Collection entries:
------------

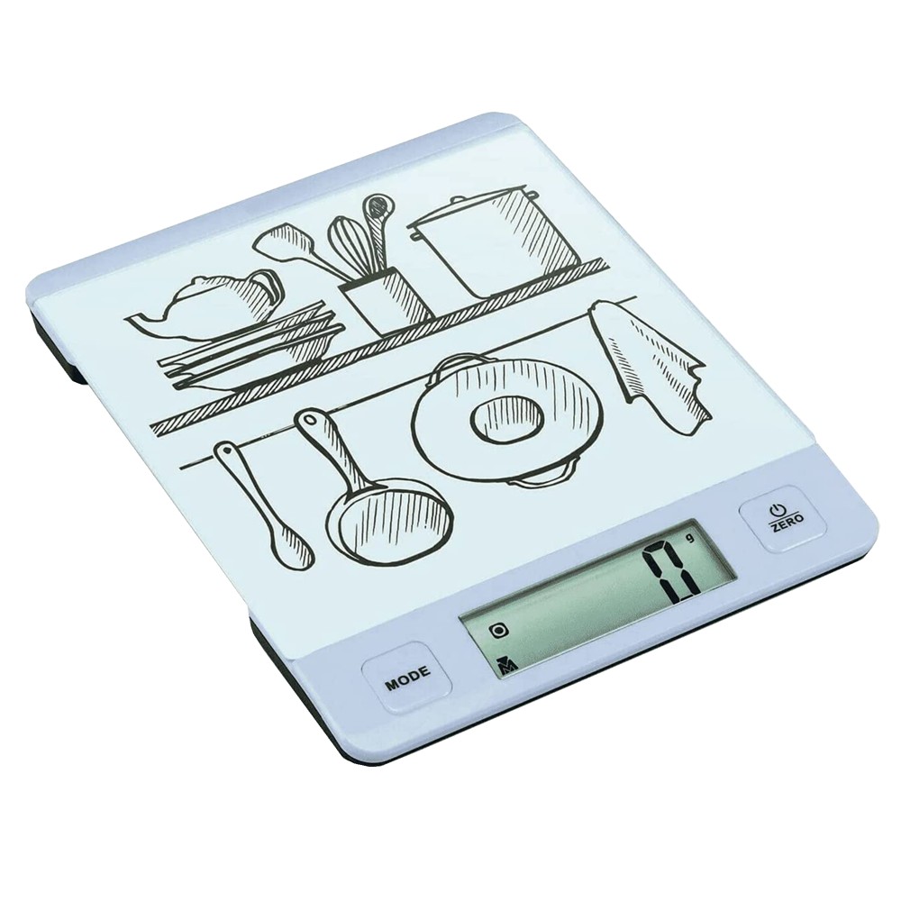 Peshore kuzhine Melchioni me pjate xhami. Sensori me precizion të lartë. Pllakë në xhami të kalbur me trashësi 4 mm. Ekran i madh LCD 58x27 mm. Matja e volumit për ujë / qumësht / vaj. Kapaciteti: 10 kg. Njësia matëse: gr/ml. Treguesi i mbingarkesës dhe statusi i baterisë. Me bateri (1 x CR2032)
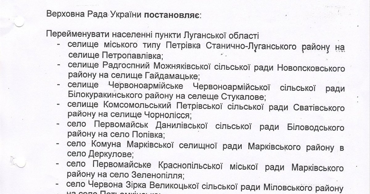 В мае экспертная комиссия провела исследовательскую работу и пришла к выводу, которые выложила в проекте постановления Верховной Рады о переименовании населенных пунктов Луганской области. Согласно проекту, всего на контролируемой Украиной территории области предстоит переименовать 19 населенных пунктов, названных в честь деятелей коммунистического режима", - говорится в сообщении.
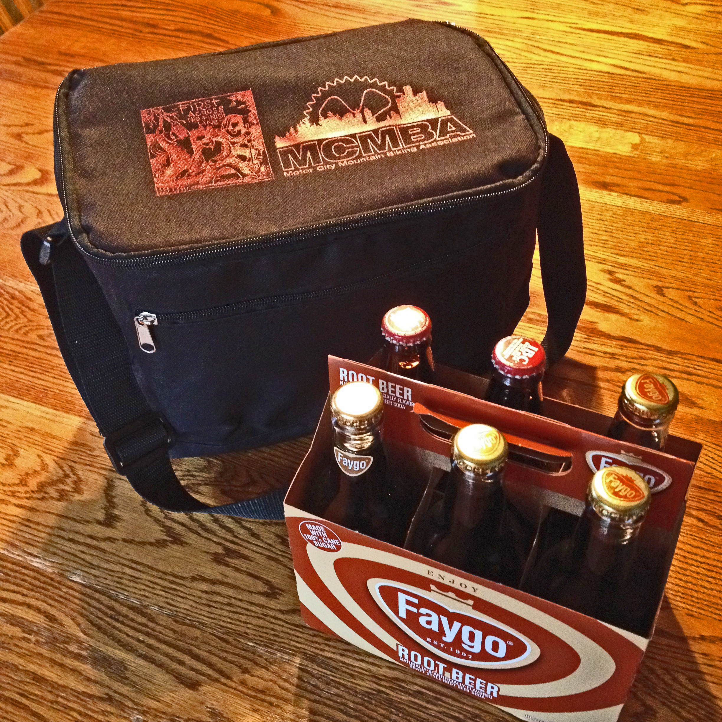 For almost 20 years, the MMBA and our Chapter has recognized significant trail work volunteer efforts with the First Across the Finish Line (FAFL) awards. These awards began as a small token of appreciation made possible by an anonymous memorial to Ed Berta, a volunteer who lost his life in a traffic accident on a trail day. Last year, 35 members of the Motor City Mountain Biking Association contributed at least 10 hours of time trimming trails, clearing deadfall, armoring mud holes, or other boots-on-the-ground trail work. In appreciation, each volunteer is receiving a soft-sided beverage cooler emblazoned with both our chapter and the FAFL logos.
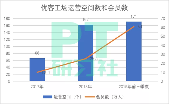 从会员数量上来看,优客工场的会员增速着实迅猛。2018年,优客工场的会员数仅25.2万人,到了2019年会员数就增至61万人。三个季度的时间,优客工场的会员数增长了36万人。
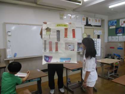 今日は自由研究の発表をしました。ポストの歴史やコンビーフコロッケの作り方,細胞について知ることができました。全員の自由研究に興味を持って発表が聞けました。
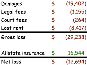 Needless to say, she was pissed off. Imagine, all of her personal items (and her family) were forcibly removed from the premises. Yes, she didn’t pay rent for months, but even then, the image of all of her items scattered across the driveway in the pouring rain is an image I remember vividly. But this wasn’t the end. She called me and threatened boldly, “I’m going to get you back. Just watch.” I immediately increased security measures (notified authorities, upgraded locks, installed cameras, etc).
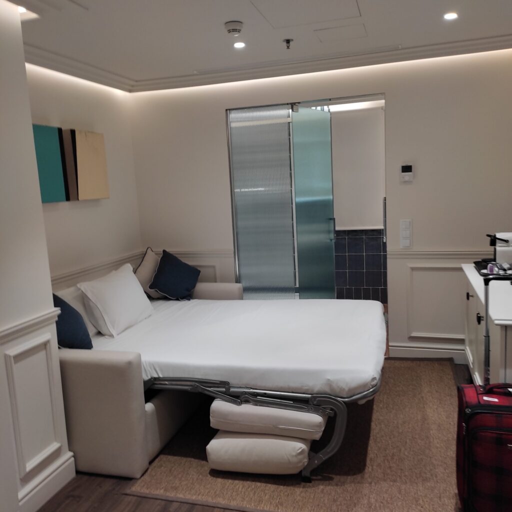 I stayed at this hotel on a solo trip prior to a cruise. Due to some problems with the reservation, I got a free upgrade to a Junior Suite – an unexpected splurge. The Junior Suite offered a sleeping area with a decent desk, a pull-out couch, and a stylish and large bathroom. From the Juliette balcony I had a great city view!
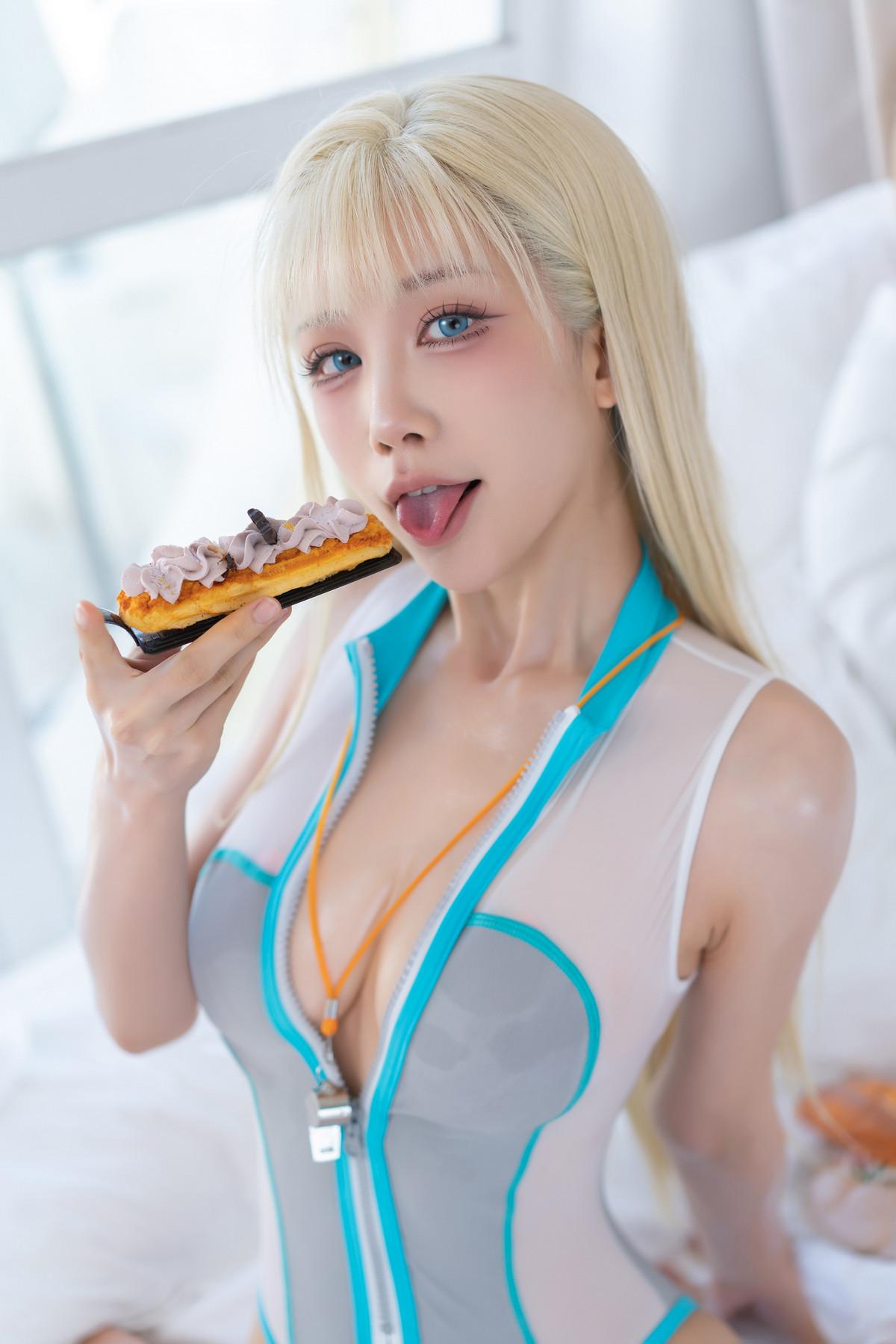 动漫博主水淼aqua原创竞泳主题性感灰色外衣下紧身高叉连体泳衣秀完美身材诱惑写真

------------

_WORK TASK_.
Give back all the records as they stand, but with no pictures in the copy.

_RESPONSE AREA_.
 Peshore kuzhine Melchioni me pjate xhami. Sensori me precizion të lartë. Pllakë në xhami të kalbur me trashësi 4 mm. Ekran i madh LCD 58x27 mm. Matja e volumit për ujë / qumësht / vaj. Kapaciteti: 10 kg. Njësia matëse: gr/ml. Treguesi i mbingarkesës dhe statusi i baterisë. Me bateri (1 x CR2032)
 В мае экспертная комиссия провела исследовательскую работу и пришла к выводу, которые выложила в проекте постановления Верховной Рады о переименовании населенных пунктов Луганской области. Согласно проекту, всего на контролируемой Украиной территории области предстоит переименовать 19 населенных пунктов, названных в честь деятелей коммунистического режима", - говорится в сообщении.
 For almost 20 years, the MMBA and our Chapter has recognized significant trail work volunteer efforts with the First Across the Finish Line (FAFL) awards. These awards began as a small token of appreciation made possible by an anonymous memorial to Ed Berta, a volunteer who lost his life in a traffic accident on a trail day. Last year, 35 members of the Motor City Mountain Biking Association contributed at least 10 hours of time trimming trails, clearing deadfall, armoring mud holes, or other boots-on-the-ground trail work. In appreciation, each volunteer is receiving a soft-sided beverage cooler emblazoned with both our chapter and the FAFL logos.
 从会员数量上来看,优客工场的会员增速着实迅猛。2018年,优客工场的会员数仅25.2万人,到了2019年会员数就增至61万人。三个季度的时间,优客工场的会员数增长了36万人。
 今日は自由研究の発表をしました。ポストの歴史やコンビーフコロッケの作り方,細胞について知ることができました。全員の自由研究に興味を持って発表が聞けました。
 Needless to say, she was pissed off. Imagine, all of her personal items (and her family) were forcibly removed from the premises. Yes, she didn’t pay rent for months, but even then, the image of all of her items scattered across the driveway in the pouring rain is an image I remember vividly. But this wasn’t the end. She called me and threatened boldly, “I’m going to get you back. Just watch.” I immediately increased security measures (notified authorities, upgraded locks, installed cameras, etc).
 I stayed at this hotel on a solo trip prior to a cruise. Due to some problems with the reservation, I got a free upgrade to a Junior Suite – an unexpected splurge. The Junior Suite offered a sleeping area with a decent desk, a pull-out couch, and a stylish and large bathroom. From the Juliette balcony I had a great city view!
 动漫博主水淼aqua原创竞泳主题性感灰色外衣下紧身高叉连体泳衣秀完美身材诱惑写真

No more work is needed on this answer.